Zucchini Crumble

I'm always looking for ways to use zucchini and this is a great recipe to make as it gets closer to fall.  It feels like a nice fall comfort food to me.  This recipe tastes just like an apple crumble.  Smells like it too. Served warm with a scoop of vanilla ice cream on top is absolutely divine.

I like to freeze thinly sliced blanched zucchini in 6 cup portions so I can make this once the zucchini stops growing. It feels like it extends the growing season just a few months more.
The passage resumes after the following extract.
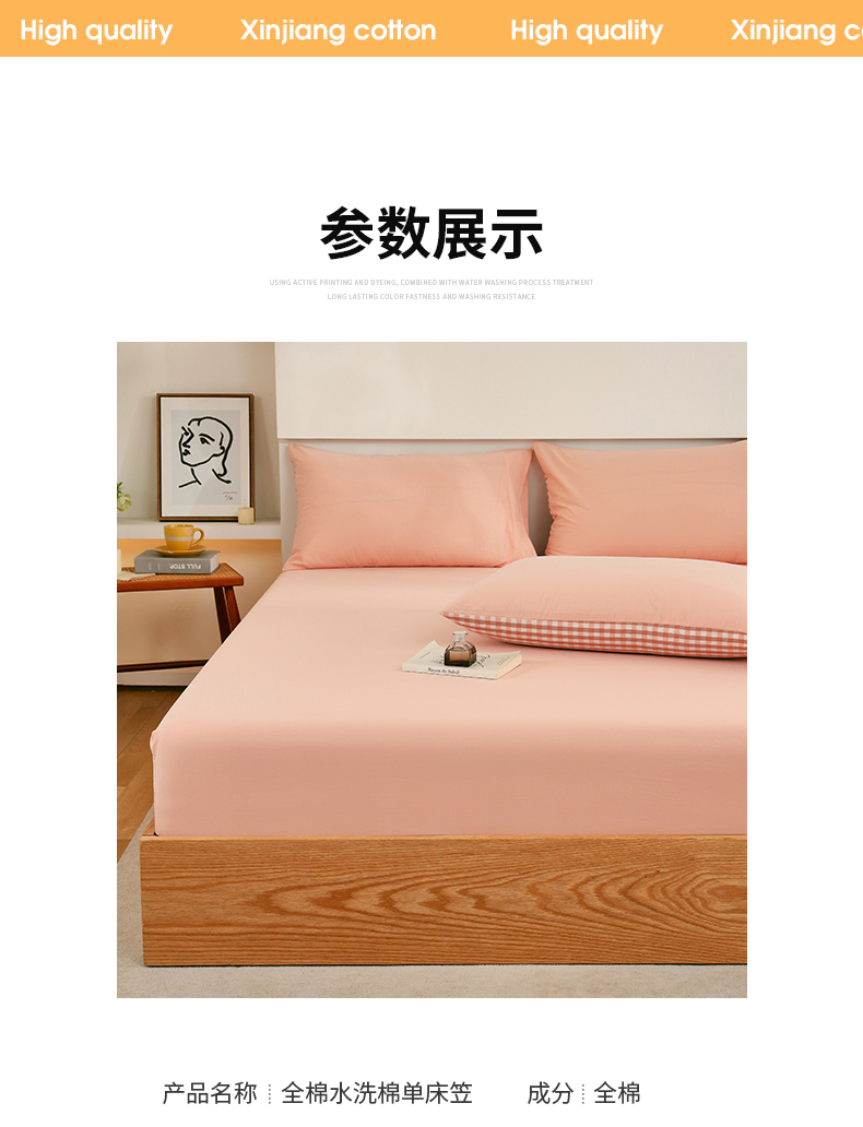 商品名称:春皖家纺 2026新款色织AB版水洗棉三件套四件套单品系列(单床笠-B版风格一) 素雅浅玉

Adapted from a recipe out of Farmer John's Cookbook

2 1/4 c. all-purpose flour
2 c. granulated sugar, divided
1/2 t. salt
12 T. butter, cold and cut into chunks
6 c. thinly sliced zucchini
1/3 - 1/2 c. fresh lemon juice (2- 3 lemons, depending on the tartness you like)
1 t. ground cinnamon
1/4 t. ground nutmeg

Preheat the oven to 350 degrees fahrenheit.

In a medium size bowl or the bowl of a food processor, stir together the flour, 1 c. sugar and the salt.  Cut in the butter with a pastry blender (or pulse in a food processor) until mixture looks like coarse oatmeal.
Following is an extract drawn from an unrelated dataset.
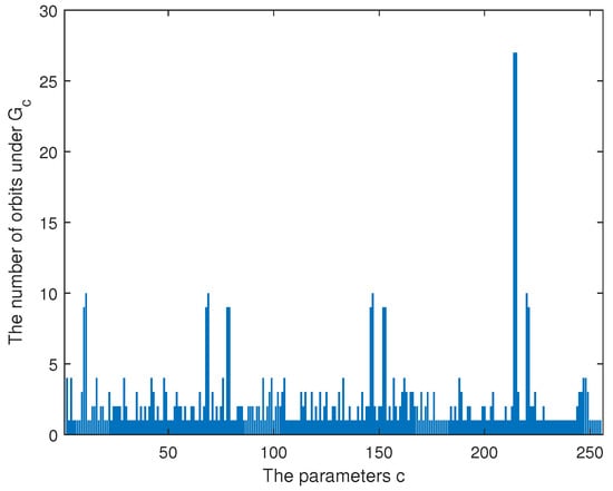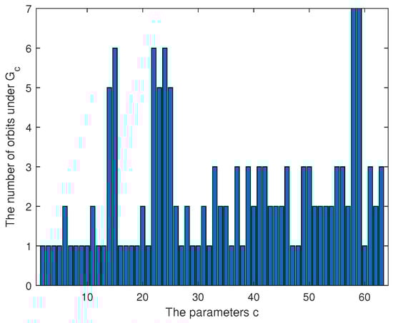 By Theorem 1, we have and . Then, U is invariant under the group generated by and . Thus, U is a union of orbits under , where is generated by and . Assume that the order of is , i.e., . For , the orbit of x under is In the proof of Theorem 1, it can be seen that f is differentially 4-uniform if for Cases 1, 2, and 3. In fact, we can prove the following conclusions.

Pour half the mixture into a 13x9" baking pan and press evenly into the bottom of the pan.  Bake for 10 minutes.  Remove the pan from the oven to a cooling rack and set aside.

While the crust is baking, combine the zucchini and lemon juice in a large pan over medium-high heat and cook until zucchini is tender, about 8-10 minutes.  Stir in the remaining 1 c. sugar, cinnamon, and nutmeg.  Simmer for 1 minute more.  Add 1/2 c. of the flour mixture and continue to cook, stirring constantly, until mixture thickens.  Remove the pan from the heat and let cool 10 minutes.

Pour the zucchini mixture over the baked crust and sprinkle the remaining flour mixture evenly over the top.  Return the pan to the oven and bake until lightly browned and bubbly, 40-45 minutes.